Action item: Every line between the top of the data below and the line with "У памятника погибшим", both ends included, must be retyped exactly.
BEGIN
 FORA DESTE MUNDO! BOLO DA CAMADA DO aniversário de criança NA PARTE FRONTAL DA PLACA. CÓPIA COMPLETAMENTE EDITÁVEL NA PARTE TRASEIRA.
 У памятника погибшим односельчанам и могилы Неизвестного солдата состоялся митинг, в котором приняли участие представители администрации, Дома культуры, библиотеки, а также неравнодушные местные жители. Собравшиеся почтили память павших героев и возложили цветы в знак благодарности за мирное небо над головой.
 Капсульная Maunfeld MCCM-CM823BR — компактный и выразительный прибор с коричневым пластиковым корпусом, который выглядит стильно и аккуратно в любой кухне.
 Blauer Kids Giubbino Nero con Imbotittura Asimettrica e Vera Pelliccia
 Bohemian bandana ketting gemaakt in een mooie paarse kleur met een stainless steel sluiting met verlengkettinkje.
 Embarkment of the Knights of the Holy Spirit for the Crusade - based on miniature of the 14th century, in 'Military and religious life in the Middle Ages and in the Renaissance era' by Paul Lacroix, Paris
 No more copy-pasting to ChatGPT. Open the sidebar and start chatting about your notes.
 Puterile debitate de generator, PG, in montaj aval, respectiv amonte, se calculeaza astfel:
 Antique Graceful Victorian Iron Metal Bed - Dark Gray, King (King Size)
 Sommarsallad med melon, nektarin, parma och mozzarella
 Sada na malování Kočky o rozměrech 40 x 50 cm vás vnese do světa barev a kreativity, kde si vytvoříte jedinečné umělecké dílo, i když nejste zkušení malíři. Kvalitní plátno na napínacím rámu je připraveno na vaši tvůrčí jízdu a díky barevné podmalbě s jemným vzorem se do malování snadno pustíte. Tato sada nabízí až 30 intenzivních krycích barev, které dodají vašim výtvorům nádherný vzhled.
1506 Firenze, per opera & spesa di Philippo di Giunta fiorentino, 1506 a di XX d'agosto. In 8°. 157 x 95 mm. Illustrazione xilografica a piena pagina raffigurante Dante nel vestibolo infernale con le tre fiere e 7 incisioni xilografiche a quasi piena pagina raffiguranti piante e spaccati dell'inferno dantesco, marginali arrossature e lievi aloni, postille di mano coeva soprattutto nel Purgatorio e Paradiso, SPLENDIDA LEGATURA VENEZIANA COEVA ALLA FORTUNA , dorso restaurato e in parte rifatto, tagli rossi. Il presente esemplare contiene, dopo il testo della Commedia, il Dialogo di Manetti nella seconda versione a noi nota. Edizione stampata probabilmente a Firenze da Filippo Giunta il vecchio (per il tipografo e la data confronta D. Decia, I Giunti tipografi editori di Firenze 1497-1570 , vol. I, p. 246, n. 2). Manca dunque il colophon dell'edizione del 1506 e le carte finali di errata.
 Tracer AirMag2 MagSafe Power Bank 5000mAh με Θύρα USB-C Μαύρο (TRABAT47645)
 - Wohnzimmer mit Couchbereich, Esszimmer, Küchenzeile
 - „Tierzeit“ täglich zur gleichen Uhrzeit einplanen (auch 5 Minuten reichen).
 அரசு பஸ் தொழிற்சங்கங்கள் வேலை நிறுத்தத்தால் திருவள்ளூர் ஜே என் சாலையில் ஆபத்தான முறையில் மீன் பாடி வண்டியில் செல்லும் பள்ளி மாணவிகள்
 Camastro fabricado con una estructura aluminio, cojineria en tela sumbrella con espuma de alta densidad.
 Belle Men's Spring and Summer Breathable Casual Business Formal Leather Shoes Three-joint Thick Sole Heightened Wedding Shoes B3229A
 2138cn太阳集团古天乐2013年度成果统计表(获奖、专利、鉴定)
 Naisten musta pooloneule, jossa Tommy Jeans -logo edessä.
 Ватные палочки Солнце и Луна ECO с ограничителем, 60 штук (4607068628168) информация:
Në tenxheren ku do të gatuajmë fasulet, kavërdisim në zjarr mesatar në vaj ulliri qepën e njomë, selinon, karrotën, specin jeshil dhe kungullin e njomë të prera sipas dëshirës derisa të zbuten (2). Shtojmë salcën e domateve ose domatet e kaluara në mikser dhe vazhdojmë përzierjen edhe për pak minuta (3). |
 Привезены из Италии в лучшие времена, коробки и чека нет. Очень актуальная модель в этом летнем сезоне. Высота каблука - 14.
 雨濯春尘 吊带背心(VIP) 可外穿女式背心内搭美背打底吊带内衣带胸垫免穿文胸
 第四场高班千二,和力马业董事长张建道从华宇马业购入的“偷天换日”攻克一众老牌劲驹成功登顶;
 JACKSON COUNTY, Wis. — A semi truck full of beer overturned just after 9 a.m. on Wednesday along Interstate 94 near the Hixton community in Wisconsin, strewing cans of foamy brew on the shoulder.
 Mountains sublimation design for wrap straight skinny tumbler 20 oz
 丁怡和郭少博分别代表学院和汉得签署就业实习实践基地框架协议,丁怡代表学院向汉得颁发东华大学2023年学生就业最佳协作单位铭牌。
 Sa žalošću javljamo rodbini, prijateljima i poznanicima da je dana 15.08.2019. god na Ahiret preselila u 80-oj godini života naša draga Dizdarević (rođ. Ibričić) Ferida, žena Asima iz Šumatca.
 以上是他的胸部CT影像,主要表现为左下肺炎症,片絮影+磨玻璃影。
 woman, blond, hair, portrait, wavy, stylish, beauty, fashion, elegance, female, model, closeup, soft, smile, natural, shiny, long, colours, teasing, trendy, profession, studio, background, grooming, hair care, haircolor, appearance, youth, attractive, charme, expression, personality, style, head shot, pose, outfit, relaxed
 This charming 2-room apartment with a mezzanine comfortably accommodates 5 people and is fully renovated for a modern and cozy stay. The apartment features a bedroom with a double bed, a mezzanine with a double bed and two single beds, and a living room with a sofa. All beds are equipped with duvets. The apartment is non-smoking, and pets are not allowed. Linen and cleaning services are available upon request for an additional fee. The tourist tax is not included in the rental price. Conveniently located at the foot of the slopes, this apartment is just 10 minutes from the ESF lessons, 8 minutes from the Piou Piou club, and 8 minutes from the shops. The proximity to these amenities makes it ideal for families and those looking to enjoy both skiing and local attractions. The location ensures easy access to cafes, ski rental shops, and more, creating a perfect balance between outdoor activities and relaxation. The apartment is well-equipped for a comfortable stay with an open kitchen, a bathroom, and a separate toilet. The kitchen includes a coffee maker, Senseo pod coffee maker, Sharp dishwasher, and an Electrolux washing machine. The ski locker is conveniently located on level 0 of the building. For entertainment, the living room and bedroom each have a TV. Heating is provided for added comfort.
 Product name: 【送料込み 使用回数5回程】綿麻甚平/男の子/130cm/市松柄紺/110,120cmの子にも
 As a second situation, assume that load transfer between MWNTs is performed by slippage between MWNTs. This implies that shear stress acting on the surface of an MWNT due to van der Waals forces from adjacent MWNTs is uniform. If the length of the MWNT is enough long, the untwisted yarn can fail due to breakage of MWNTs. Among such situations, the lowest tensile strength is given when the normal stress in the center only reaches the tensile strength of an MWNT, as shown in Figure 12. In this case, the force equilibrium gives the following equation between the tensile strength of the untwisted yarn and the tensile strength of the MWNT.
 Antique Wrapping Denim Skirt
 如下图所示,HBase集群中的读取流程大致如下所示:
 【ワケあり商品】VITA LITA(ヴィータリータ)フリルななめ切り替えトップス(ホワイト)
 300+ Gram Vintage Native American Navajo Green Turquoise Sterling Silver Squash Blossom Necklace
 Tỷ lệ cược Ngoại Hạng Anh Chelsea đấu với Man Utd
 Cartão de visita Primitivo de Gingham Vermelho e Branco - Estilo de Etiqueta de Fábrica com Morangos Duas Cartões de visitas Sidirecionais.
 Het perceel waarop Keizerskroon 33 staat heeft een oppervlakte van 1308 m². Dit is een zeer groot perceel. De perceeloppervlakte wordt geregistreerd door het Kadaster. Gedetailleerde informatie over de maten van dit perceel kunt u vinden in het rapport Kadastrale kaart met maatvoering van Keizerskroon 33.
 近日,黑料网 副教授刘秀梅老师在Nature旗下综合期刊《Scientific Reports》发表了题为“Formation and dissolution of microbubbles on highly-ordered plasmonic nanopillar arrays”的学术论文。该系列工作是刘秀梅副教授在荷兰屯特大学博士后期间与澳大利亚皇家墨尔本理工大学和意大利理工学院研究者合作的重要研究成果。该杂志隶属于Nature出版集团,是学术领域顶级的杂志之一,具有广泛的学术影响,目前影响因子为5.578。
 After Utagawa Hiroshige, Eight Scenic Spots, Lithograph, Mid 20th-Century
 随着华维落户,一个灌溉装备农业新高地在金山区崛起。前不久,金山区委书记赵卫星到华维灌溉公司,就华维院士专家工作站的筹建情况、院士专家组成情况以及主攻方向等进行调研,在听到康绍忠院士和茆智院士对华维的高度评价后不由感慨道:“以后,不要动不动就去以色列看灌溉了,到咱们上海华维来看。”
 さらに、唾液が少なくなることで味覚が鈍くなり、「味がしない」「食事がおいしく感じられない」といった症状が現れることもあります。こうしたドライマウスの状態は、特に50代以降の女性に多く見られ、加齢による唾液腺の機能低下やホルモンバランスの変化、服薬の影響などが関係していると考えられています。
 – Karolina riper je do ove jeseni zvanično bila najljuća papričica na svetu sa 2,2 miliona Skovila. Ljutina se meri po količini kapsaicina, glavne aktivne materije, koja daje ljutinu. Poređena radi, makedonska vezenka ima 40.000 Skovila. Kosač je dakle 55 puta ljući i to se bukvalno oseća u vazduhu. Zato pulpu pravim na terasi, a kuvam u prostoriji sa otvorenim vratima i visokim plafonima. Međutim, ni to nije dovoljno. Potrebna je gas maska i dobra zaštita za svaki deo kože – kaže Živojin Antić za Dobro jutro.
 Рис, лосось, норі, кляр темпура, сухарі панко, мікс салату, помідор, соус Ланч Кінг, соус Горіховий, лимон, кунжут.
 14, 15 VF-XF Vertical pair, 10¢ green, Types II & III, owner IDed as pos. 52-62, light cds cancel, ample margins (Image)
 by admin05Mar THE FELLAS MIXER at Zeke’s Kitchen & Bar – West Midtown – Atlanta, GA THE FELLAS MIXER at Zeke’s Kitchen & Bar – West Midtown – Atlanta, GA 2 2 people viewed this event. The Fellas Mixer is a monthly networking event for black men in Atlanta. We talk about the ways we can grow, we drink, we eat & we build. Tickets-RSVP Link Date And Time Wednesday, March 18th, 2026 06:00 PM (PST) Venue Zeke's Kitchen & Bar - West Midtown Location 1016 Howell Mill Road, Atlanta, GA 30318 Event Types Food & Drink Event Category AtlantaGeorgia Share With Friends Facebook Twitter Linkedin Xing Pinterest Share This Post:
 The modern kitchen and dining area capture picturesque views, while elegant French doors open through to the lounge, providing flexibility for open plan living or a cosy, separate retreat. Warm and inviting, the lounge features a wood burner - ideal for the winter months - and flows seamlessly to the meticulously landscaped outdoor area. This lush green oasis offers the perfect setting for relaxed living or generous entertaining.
END
Written response:
 FORA DESTE MUNDO! BOLO DA CAMADA DO aniversário de criança NA PARTE FRONTAL DA PLACA. CÓPIA COMPLETAMENTE EDITÁVEL NA PARTE TRASEIRA.
 У памятника погибшим односельчанам и могилы Неизвестного солдата состоялся митинг, в котором приняли участие представители администрации, Дома культуры, библиотеки, а также неравнодушные местные жители. Собравшиеся почтили память павших героев и возложили цветы в знак благодарности за мирное небо над головой.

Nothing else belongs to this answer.